10, 100, 400: main control unit 20, 200, 500: switching unit

30, 300, 600: inductor 210, 510: synchronous rectification switching unit

220, 520: boost switching unit 230, 530: inductor control switching unit

The present invention provides a plurality of output tabs are formed at predetermined intervals, the inductor unit to which the input voltage is supplied; And a switching unit configured to selectively connect the respective output taps to output terminals according to a plurality of control signals to output voltages of different levels through the output terminals.

In addition, the present invention includes a plurality of output tabs are formed at predetermined intervals inductor unit connected to the output terminal; And a switching unit for selectively connecting the respective output taps to input terminals according to a plurality of control signals to output voltages of different levels through the output terminals.

Hereinafter, with reference to the accompanying drawings will be described in detail the present invention.

8 is a block diagram of a boost type multi-output DC-DC converter according to a first embodiment of the present invention. FIG. 9 is a detailed circuit diagram of the boost type multi-output DC-DC converter shown in FIG. 8 and shows a four-step boost type DC-DC converter.

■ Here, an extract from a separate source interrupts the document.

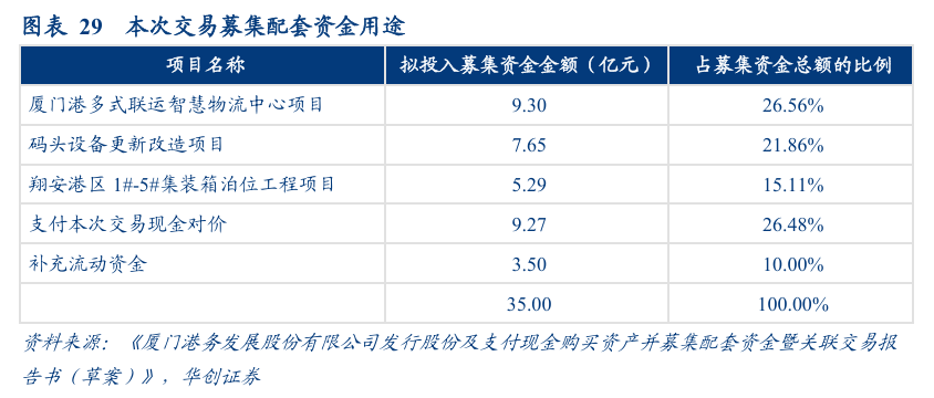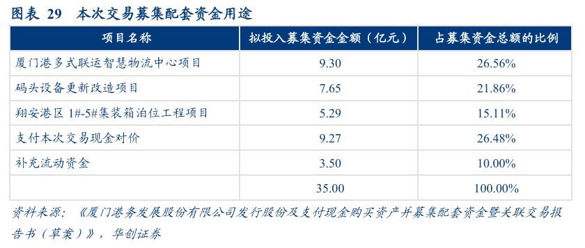 2)募集配套资金:发行股份募集配套资金不超过35亿元,除支付本次交易现金对价外,还将用于厦门港多式联运智慧物流中心项目、码头设备更新改造项目、翔安港区 1#-5#集装箱泊位工程项目以及补充流动资金,目前发行股份数量和价格尚未确定。

8 and 9, the boost type multi-output DC-DC converter includes a main controller 100, a switching unit 200, and an inductor unit 300. The main controller 100 generates control signals for controlling the switching unit 200. The switching unit 200 is composed of a synchronous rectification switching unit 210, the boost switching unit 220 and the inductor control switching unit 230 is controlled by a control signal output from the main control unit 100. The inductor 300 includes one inductor having first to fourth output taps Lt1 to Lt4, and boosts an input voltage Vin according to the inductor control switching unit 230 to an output terminal. Output

The main controller 100 controls the synchronous rectification control signal SRSC for controlling the synchronous rectification switching unit 210 and the first to fourth boosting control signals for controlling the boost switching unit 220. (MBSC1 to MBSC4) and the first inductor control signal to the fourth inductor control signal (ICSC1 to ICSC4) for controlling the inductor control switching unit 230 is generated.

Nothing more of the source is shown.